**Your assignment**
Beginning with the line containing "Coach 3 In 1" and going on through the line containing "Invitations d'anniversaire noires, grises", the lines below are to be returned exactly, pictures excluded and nothing added.

START Provided records

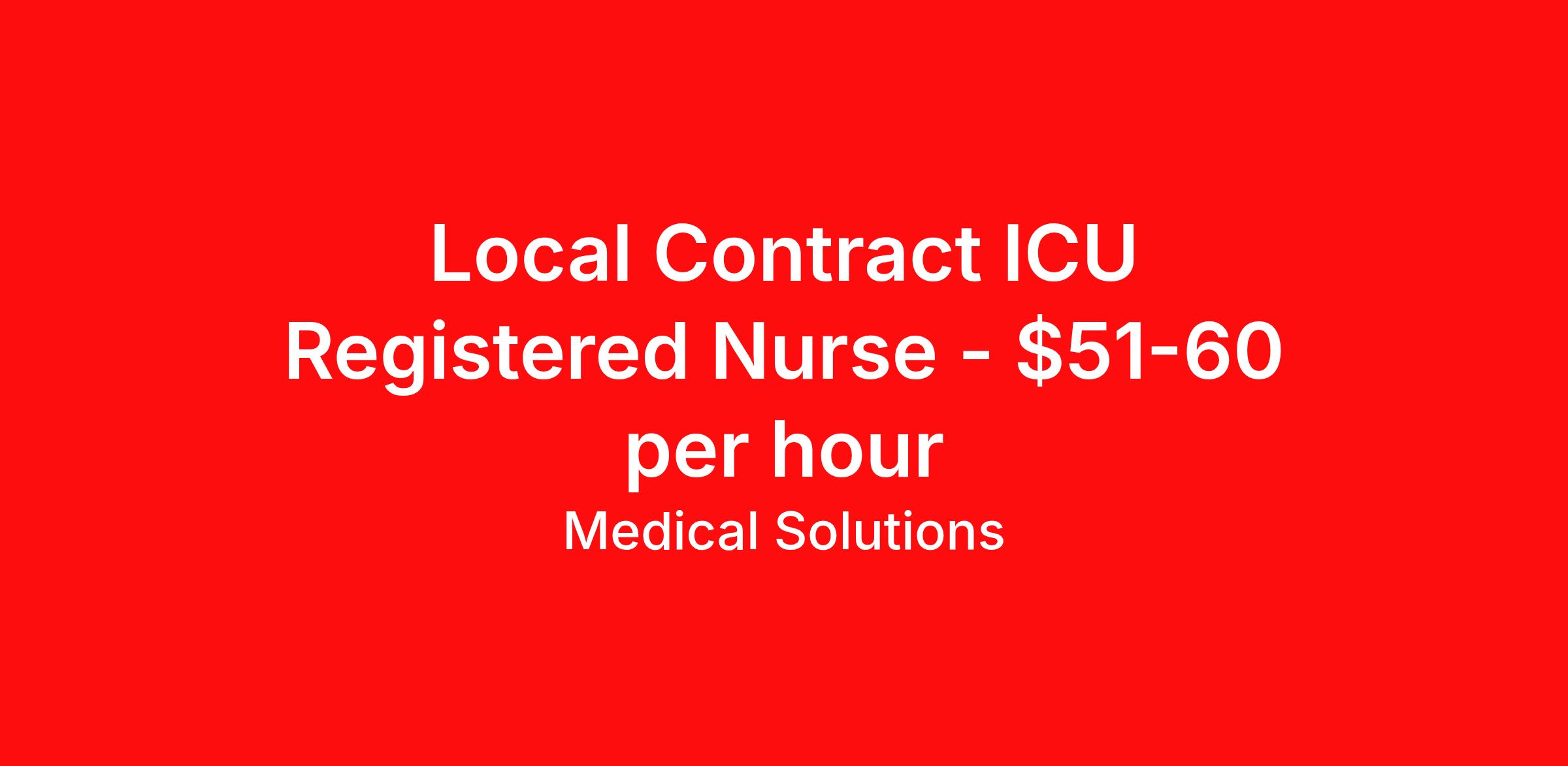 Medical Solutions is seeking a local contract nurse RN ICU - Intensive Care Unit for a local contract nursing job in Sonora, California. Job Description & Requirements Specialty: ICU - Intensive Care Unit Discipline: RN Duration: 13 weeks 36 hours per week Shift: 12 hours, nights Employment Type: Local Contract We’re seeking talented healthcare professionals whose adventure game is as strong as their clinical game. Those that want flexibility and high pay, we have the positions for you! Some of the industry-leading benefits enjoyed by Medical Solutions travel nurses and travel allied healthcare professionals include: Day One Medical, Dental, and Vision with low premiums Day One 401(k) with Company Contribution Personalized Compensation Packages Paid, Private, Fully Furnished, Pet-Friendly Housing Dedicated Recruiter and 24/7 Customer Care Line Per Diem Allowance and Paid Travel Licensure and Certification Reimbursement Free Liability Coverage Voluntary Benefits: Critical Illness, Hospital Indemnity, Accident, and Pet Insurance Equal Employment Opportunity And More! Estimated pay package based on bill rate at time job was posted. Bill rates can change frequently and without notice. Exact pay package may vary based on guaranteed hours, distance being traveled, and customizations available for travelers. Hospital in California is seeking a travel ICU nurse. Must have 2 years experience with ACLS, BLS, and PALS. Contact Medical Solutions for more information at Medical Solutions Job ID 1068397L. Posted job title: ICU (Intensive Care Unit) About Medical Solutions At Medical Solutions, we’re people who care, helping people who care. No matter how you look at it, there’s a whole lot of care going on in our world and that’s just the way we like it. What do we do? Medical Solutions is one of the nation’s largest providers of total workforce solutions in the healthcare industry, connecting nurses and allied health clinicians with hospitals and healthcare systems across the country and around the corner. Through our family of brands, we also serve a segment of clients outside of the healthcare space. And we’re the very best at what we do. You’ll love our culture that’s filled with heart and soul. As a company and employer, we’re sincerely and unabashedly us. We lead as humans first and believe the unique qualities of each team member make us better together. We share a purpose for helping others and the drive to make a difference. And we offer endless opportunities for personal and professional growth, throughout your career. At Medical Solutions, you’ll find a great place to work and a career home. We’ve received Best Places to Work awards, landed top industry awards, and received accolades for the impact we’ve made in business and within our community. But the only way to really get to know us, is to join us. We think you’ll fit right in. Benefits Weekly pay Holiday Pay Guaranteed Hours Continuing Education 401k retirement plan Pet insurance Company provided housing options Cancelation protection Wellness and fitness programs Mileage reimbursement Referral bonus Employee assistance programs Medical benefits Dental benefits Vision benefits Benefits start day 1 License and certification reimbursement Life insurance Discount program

END Provided records
START Provided records

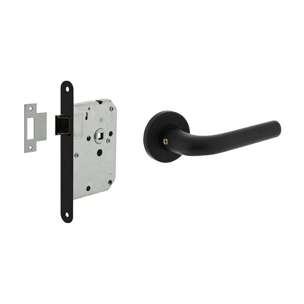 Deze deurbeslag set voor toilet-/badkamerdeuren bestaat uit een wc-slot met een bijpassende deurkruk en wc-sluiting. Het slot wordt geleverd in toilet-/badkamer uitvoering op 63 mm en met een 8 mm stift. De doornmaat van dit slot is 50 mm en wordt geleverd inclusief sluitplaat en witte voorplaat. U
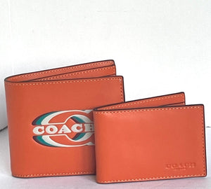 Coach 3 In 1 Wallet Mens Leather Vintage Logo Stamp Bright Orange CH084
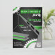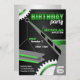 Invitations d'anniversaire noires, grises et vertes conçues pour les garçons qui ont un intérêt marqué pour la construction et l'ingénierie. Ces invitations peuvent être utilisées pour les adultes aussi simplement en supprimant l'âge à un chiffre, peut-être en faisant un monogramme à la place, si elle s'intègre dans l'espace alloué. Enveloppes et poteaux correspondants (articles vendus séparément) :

END Provided records

**Output**
 Coach 3 In 1 Wallet Mens Leather Vintage Logo Stamp Bright Orange CH084
 Invitations d'anniversaire noires, grises et vertes conçues pour les garçons qui ont un intérêt marqué pour la construction et l'ingénierie. Ces invitations peuvent être utilisées pour les adultes aussi simplement en supprimant l'âge à un chiffre, peut-être en faisant un monogramme à la place, si elle s'intègre dans l'espace alloué. Enveloppes et poteaux correspondants (articles vendus séparément) :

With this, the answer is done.